Oil mill manager says CANU ranks highhanded
Head requests official complaint
Stabroek News
November 11, 2003
The management of the Pomeroon Oil Mill is claiming that six Customs Anti Narcotic Unit (CANU) officers, who recently conducted a raid at the building, acted in a highhanded and disrespectful manner towards workers.
However, contacted yesterday Head of CANU, Bernard Truman said that he was unaware of any acts of intimidation from his officers who conducted a search on November 8. He said the owner or manager of the mill should make contact with him either by telephone or in writing and make an official complaint that he would investigate.
According to the security guard on duty at the time of the raid, it was at 11:10 am, when six armed men entered the compound identifying themselves as being from CANU and saying that they were there to search for drugs.
The guard then informed the mill manager, Ronald Abrams, who reportedly told the officers that they needed to inform the management of their visit.
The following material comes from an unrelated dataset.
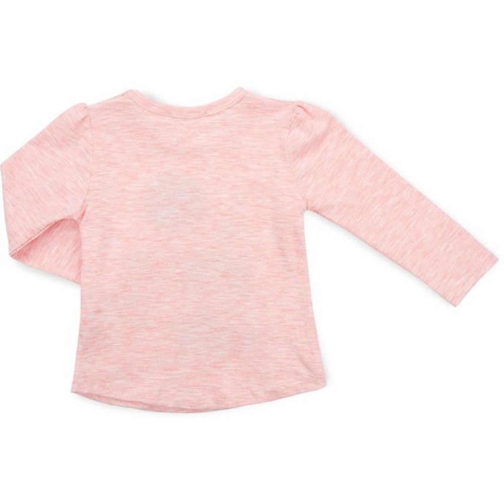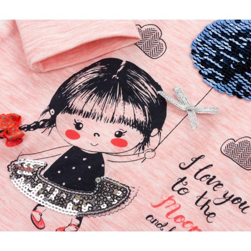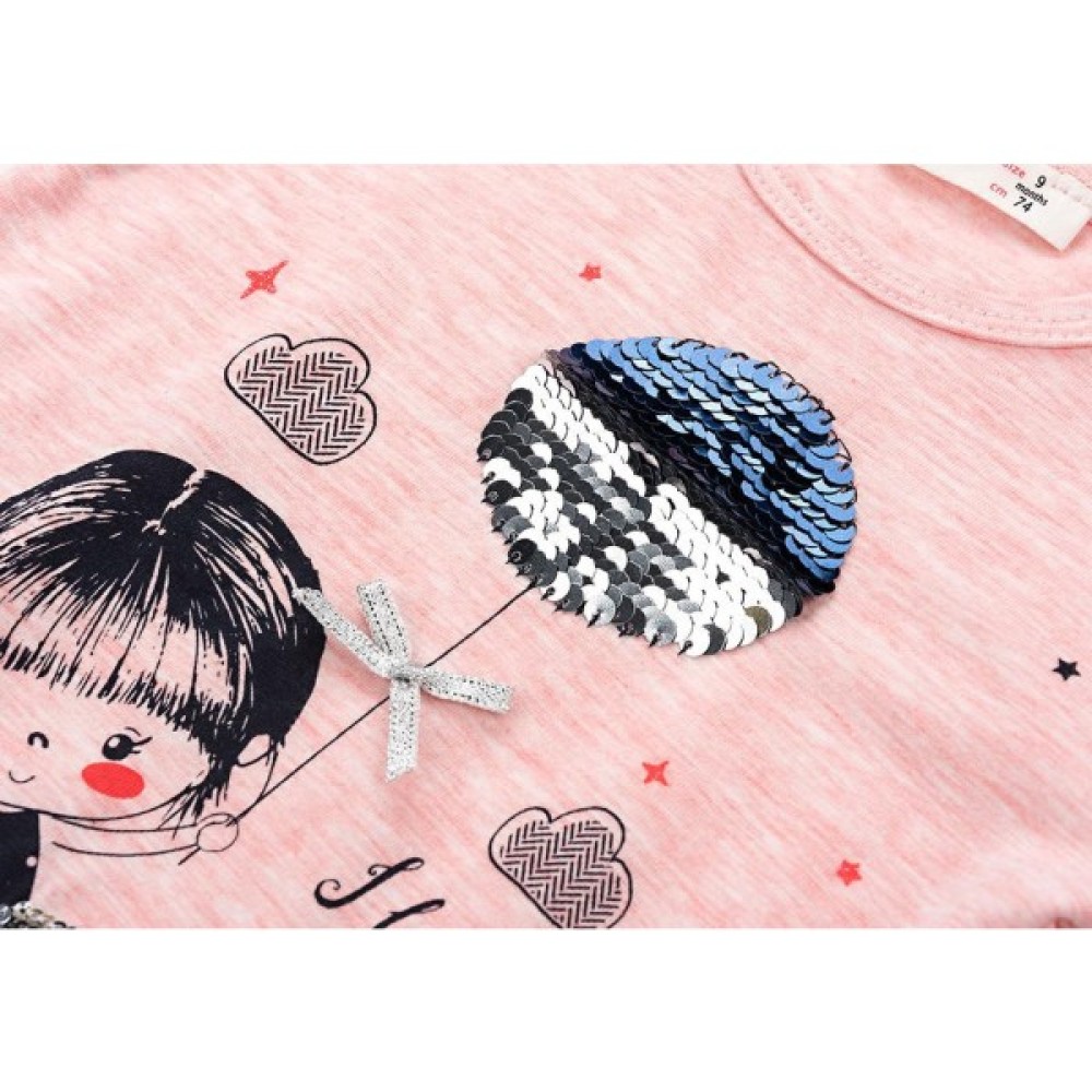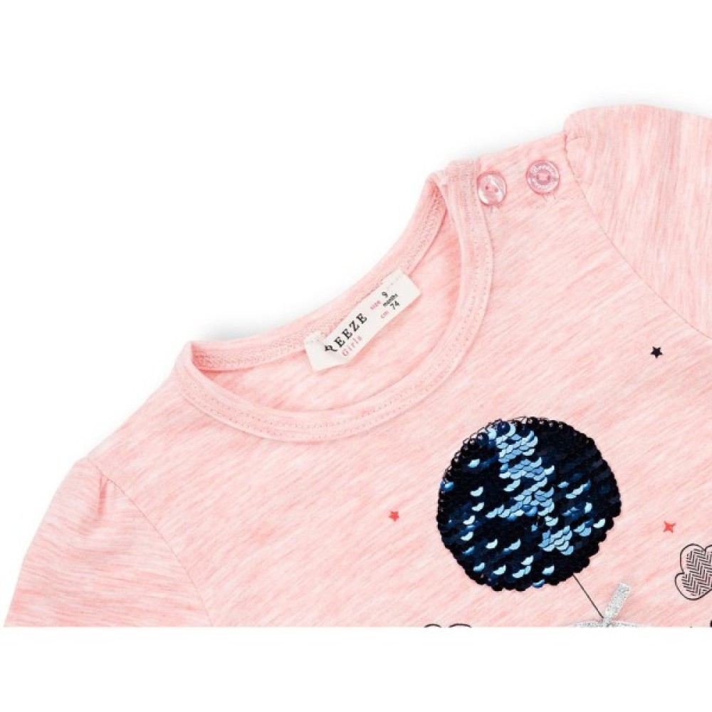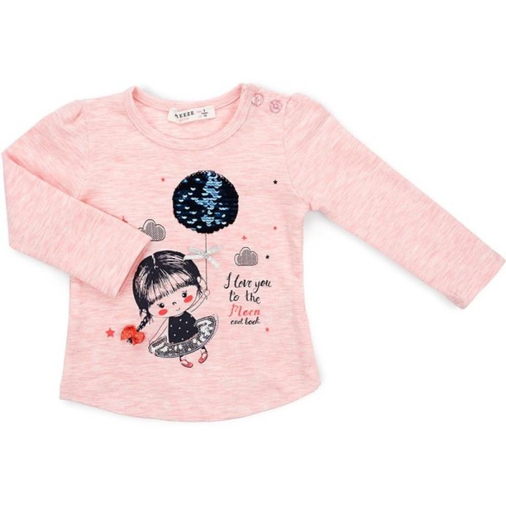 трохи розширеного А-силуету, з тонкого трикотажу, попереду прикрашений об'ємним принтом дівчинки з повітряною кулькою. Кулька виконана з паєток, які перевертаються та змінюють колір. Довгі рукава без манжет, прісборени по окату. Лінія низу лонгсліва заокруглена. Виріз горловини оброблений трикотажною бейкою. На лівому плечі застібка на фірмові перламутрові ґудзики, яка полегшить процес надягання.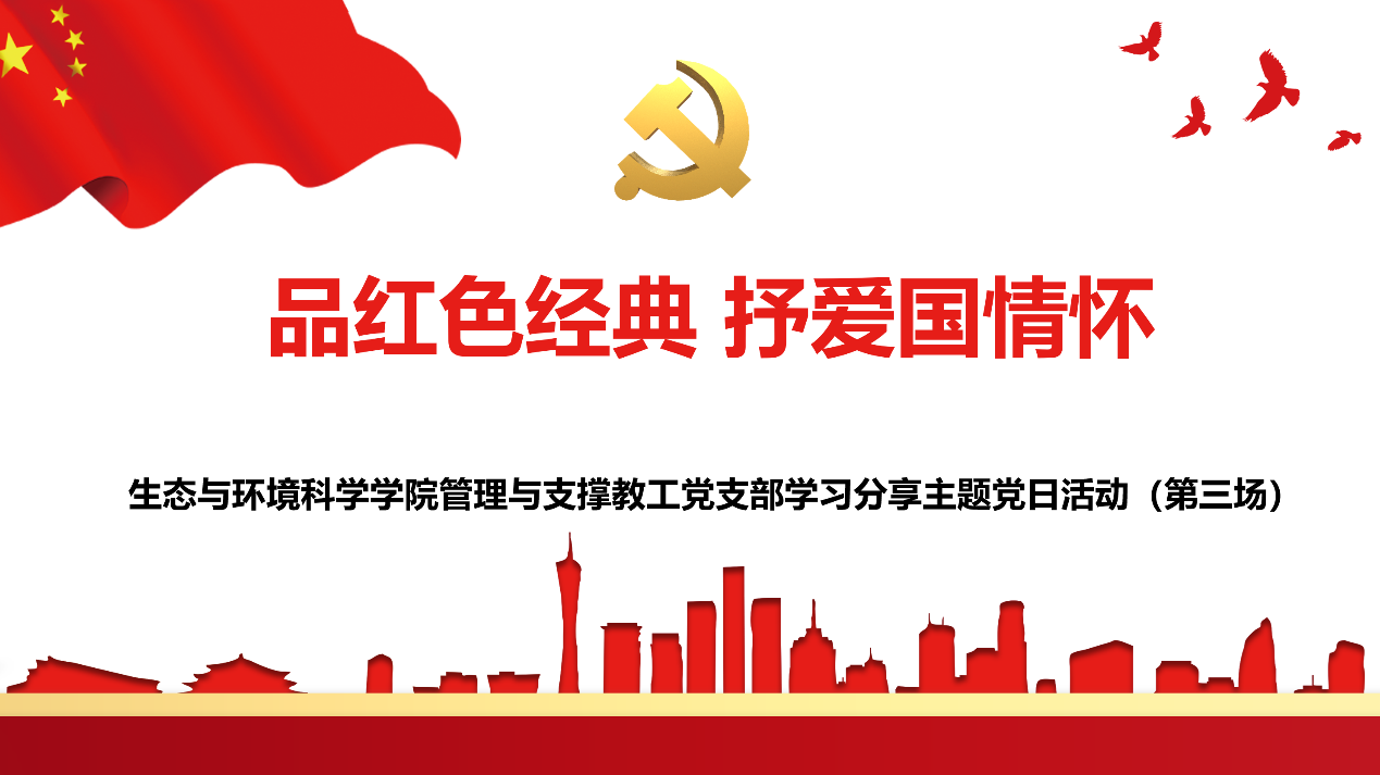 2023年9月27日下午,私密直播 管理与支撑教工党支部在273会议室开展了“品红色经典 抒爱国情怀”第三场学习分享主题党日活动,本次活动由支部书记谭珊珊主持,欧阳澳、董舒、丁媛媛和许柏英四位老师做学习分享。

They allegedly told him that they did not need to inform anyone.
The manager said that he then asked the officers for some form of identification. He claimed they told him that they did not walk around with any, and when he attempted to inform his head office, he was not permitted to use the telephone.
Abrams alleged that the men proceeded to rip open and destroy cartons with items for the general store as well as cartons with literature for the Jehovah's Witnesses Church.
He alleged that the men threw down the empty plastic containers from the truck that had recently returned from Georgetown.
According to a female supervisor, the men then searched the lunch bags of the female employees. She alleged that the men also ransacked cupboards and cartons of bottled refined oil for the Georgetown market.
No drugs were found on the premises and the mill management is asking who will compensate the mill for the damage that occurred as a result of the search.